木葡糖酸醋杆菌的适应性实验室进化及其对木质纤维素生物质衍生抑制剂的遗传变异。

Adaptive laboratory evolution of Rhodosporidium toruloides to inhibitors derived from lignocellulosic biomass and genetic variations behind evolution.

机构信息

Novo Nordisk Foundation Center for Biosustainability, Technical University of Denmark, Kemitorvet, Building 220, 2800 Kongens Lyngby, Denmark.

Novo Nordisk Foundation Center for Biosustainability, Technical University of Denmark, Kemitorvet, Building 220, 2800 Kongens Lyngby, Denmark; Department of Bioengineering, University of California, San Diego, 9500 Gilman Drive, La Jolla, CA 92093-0412, USA.

出版信息

Bioresour Technol. 2021 Aug;333:125171. doi: 10.1016/j.biortech.2021.125171. Epub 2021 Apr 20.
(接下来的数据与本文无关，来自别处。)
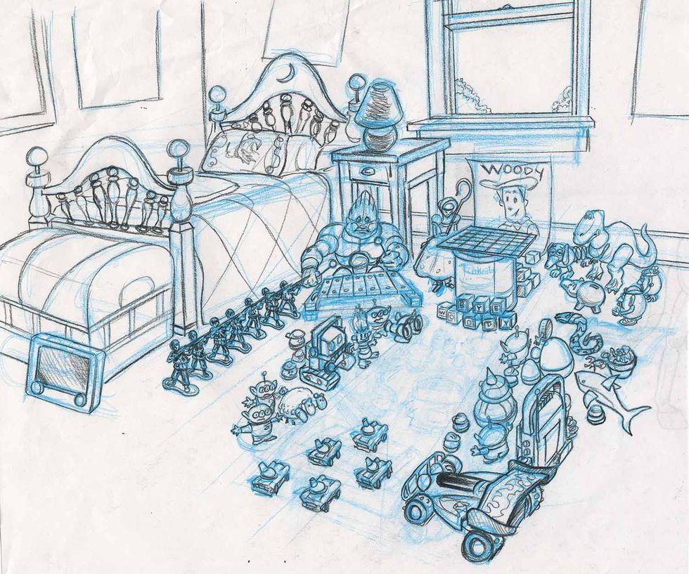 In the first Toy Story movie, Pixar hadn't fully figured out how to animate human characters. Animating clothes was incredibly time-consuming. If you look back at the original movie, you'll see that they got around this by mostly showing hands and feet. This works well for Toy Story as it gives the movie the feel of being from the perspective of the toys.Dimly lit human characters.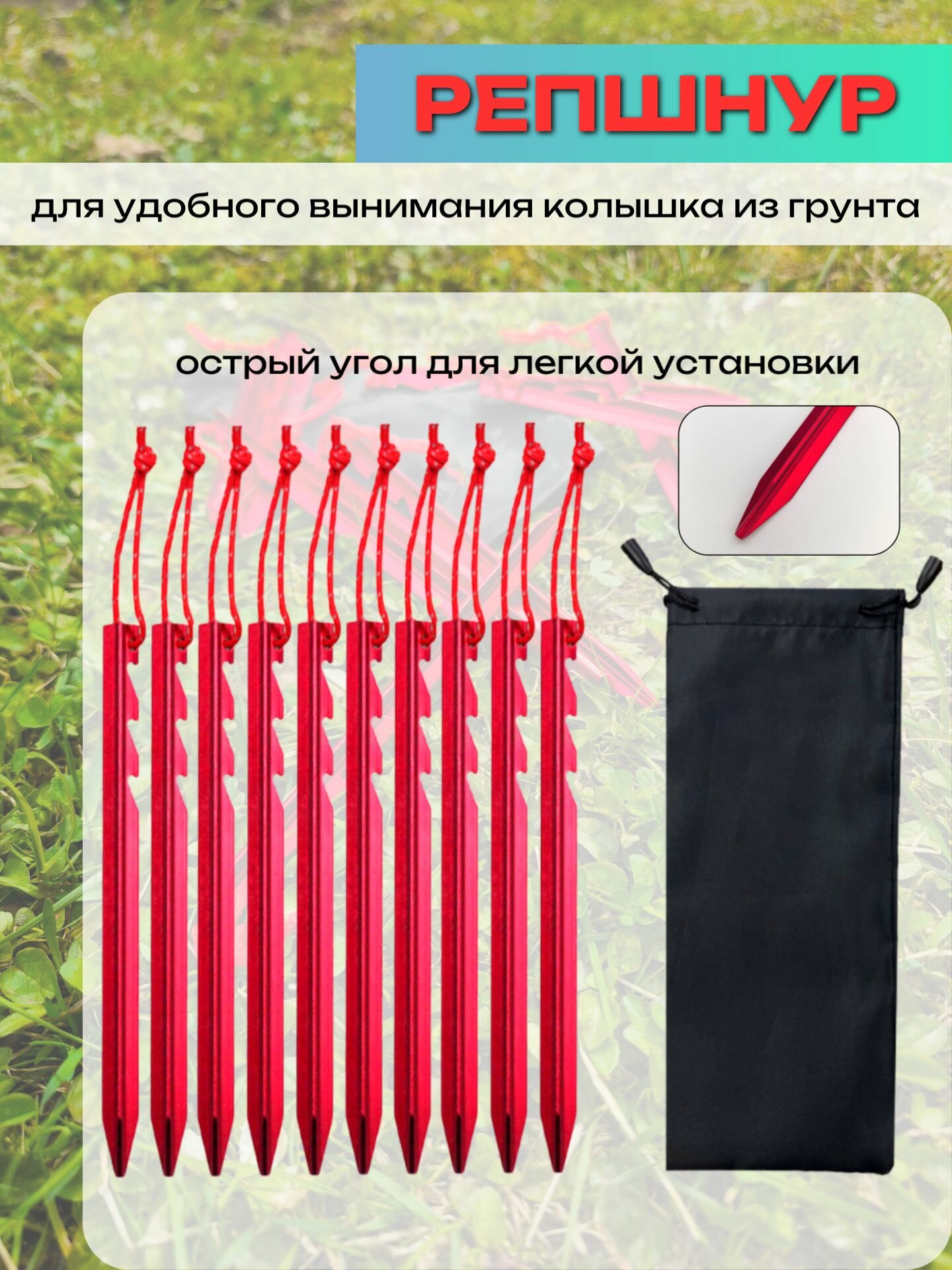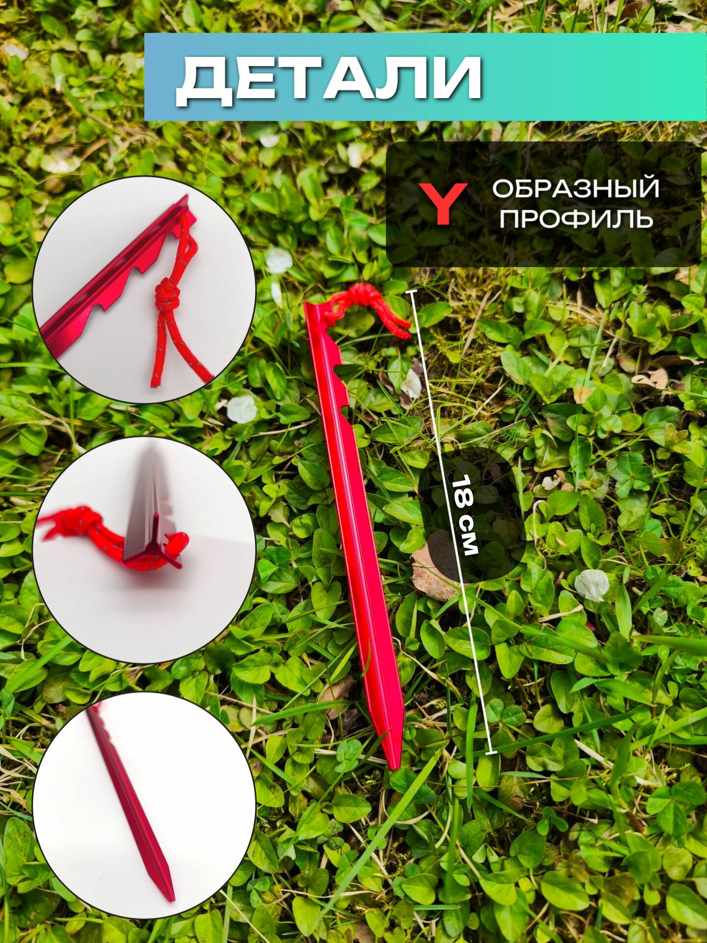 Колышки алюминиевые Y-образные для палатки/18 см/10 шт в чехле красный интересное:

DOI:10.1016/j.biortech.2021.125171

PMID:33894448

Abstract

Using lignocellulosic biomass hydrolysate for the production of microbial lipids and carotenoids is still a challenge due to the poor tolerance of oleaginous yeasts to the inhibitors generated during biomass pretreatment. In this study, a strategy of adaptive laboratory evolution in hydrolysate-based medium was developed to improve the tolerance of Rhodosporidium toruloides to inhibitors present in biomass hydrolysate. The evolved strains presented better performance to grow in hydrolysate medium, with a significant reduction in their lag phases, and improved ability to accumulate lipids and produce carotenoids when compared to the wild-type starting strain. In the best cases, the lag phase was reduced by 72 h and resulted in lipid accumulation of 27.89 ± 0.80% (dry cell weight) and carotenoid production of 14.09 ± 0.12 mg/g (dry cell weight). Whole genome sequencing analysis indicated that the wild-type strain naturally contained tolerance-related genes, which provided a background that allowed the strain to evolve in biomass-derived inhibitors.

摘要

利用木质纤维素生物质水解物生产微生物油脂和类胡萝卜素仍然是一个挑战，因为产油酵母对生物质预处理过程中产生的抑制剂的耐受性较差。本研究开发了一种在基于水解物的培养基中进行适应性实验室进化的策略，以提高粘红酵母对生物质水解物中存在的抑制剂的耐受性。与野生型起始菌株相比，进化后的菌株在水解物培养基中生长的性能更好，其迟滞期显著缩短，积累油脂和产生类胡萝卜素的能力也得到了提高。在最佳情况下，迟滞期缩短了 72 小时，导致脂质积累达到 27.89±0.80%（干细胞重量），类胡萝卜素产量达到 14.09±0.12mg/g（干细胞重量）。全基因组测序分析表明，野生型菌株天然含有与耐受性相关的基因，这为菌株在生物质衍生抑制剂中进化提供了背景。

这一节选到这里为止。